I live in Cedar Hills which is near the entrance of American Fork Canyon. I drew a Central tag and was looking for a close place to hunt. Has anyone seeing any birds in American Fork Canyon lately? I haven't had much time to get out and scout.
Thanks.


----------



## martymcfly73 (Sep 17, 2007)

Not in the areas you can access this time of year. Usually see them up high.


----------



## xxxxxxBirdDogger (Mar 7, 2008)

AF Canyon and just about every other major canyon in Utah has turkeys.
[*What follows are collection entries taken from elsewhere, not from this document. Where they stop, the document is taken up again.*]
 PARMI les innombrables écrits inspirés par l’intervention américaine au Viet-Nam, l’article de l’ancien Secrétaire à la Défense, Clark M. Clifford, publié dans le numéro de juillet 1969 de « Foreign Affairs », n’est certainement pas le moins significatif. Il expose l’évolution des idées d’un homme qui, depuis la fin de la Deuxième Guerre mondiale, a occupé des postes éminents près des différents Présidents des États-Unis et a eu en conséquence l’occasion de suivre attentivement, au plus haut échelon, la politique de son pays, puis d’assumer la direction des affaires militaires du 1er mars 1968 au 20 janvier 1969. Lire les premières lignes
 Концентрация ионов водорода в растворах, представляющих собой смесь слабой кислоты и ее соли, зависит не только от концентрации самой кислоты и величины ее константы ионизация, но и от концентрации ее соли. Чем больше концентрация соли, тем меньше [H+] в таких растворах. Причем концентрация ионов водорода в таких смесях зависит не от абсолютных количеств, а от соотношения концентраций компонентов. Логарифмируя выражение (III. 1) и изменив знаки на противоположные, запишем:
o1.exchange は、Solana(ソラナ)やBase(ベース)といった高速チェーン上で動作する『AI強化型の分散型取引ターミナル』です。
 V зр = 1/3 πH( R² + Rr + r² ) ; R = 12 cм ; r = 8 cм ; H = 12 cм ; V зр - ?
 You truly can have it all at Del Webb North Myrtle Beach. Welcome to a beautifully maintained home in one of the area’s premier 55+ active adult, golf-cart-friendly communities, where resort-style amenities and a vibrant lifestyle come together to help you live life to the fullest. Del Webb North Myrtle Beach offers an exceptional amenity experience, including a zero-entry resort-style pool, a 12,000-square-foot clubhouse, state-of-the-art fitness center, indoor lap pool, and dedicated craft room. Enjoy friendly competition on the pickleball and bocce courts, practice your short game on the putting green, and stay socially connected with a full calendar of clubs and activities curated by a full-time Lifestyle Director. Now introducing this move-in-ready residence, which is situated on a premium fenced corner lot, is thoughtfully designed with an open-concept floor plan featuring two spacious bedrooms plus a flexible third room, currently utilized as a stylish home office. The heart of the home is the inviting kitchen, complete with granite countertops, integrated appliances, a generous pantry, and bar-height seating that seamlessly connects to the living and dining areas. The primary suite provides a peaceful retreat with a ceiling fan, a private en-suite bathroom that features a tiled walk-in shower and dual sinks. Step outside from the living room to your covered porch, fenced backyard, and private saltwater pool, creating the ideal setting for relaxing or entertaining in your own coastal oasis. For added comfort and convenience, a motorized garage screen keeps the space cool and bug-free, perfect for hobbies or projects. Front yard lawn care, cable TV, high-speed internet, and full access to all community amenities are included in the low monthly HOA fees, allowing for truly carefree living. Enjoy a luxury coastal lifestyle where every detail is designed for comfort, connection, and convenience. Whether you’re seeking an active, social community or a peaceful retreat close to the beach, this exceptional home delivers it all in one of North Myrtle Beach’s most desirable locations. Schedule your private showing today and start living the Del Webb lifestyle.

I have seen them up AF numerous times.


----------



## johnnycake (Jul 19, 2011)

I normally see them on the alpine loop, typically above Sundance--just watch out for all the private land.


----------



## goforbroke (Jan 4, 2009)

Hiked 13 miles trying to find one last year. Never saw a bird. A few weeks later saw some on the side of the road! . Guess that is why it's called hunting.


----------



## DallanC (Jan 13, 2009)

Timpanooke


-DallanC


----------



## 4pointmuley (Sep 18, 2007)

Ok thanks for the replies.


----------



## Moose Hollow (Apr 26, 2008)

The heber side around wastch state park and up too the top I,ve seen lots of turkey's


----------



## gdog (Sep 13, 2007)

Moose Hollow said:


> The heber side around wastch state park and up too the top I,ve seen lots of turkey's


Yup...just make sure you get their early to get a parking spot :shock: :mrgreen:


----------